#### [RECORDS SHOWN]
:::
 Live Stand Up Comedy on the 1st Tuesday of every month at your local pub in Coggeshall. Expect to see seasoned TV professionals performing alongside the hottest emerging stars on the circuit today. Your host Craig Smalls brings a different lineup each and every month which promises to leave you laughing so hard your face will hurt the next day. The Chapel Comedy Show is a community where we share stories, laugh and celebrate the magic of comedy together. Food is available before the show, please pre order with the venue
:::
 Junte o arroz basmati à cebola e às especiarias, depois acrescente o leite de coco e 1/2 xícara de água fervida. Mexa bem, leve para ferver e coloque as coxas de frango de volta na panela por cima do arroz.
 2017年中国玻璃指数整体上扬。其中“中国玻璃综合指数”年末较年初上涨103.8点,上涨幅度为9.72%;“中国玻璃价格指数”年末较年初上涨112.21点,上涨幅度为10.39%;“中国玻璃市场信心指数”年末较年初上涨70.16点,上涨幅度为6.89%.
:::
Above this instruction are the records; retype exactly the lines from the one containing "Junte o arroz" up to and including the one containing "2017年中国玻璃指数整体上".

 Junte o arroz basmati à cebola e às especiarias, depois acrescente o leite de coco e 1/2 xícara de água fervida. Mexa bem, leve para ferver e coloque as coxas de frango de volta na panela por cima do arroz.
 2017年中国玻璃指数整体上扬。其中“中国玻璃综合指数”年末较年初上涨103.8点,上涨幅度为9.72%;“中国玻璃价格指数”年末较年初上涨112.21点,上涨幅度为10.39%;“中国玻璃市场信心指数”年末较年初上涨70.16点,上涨幅度为6.89%.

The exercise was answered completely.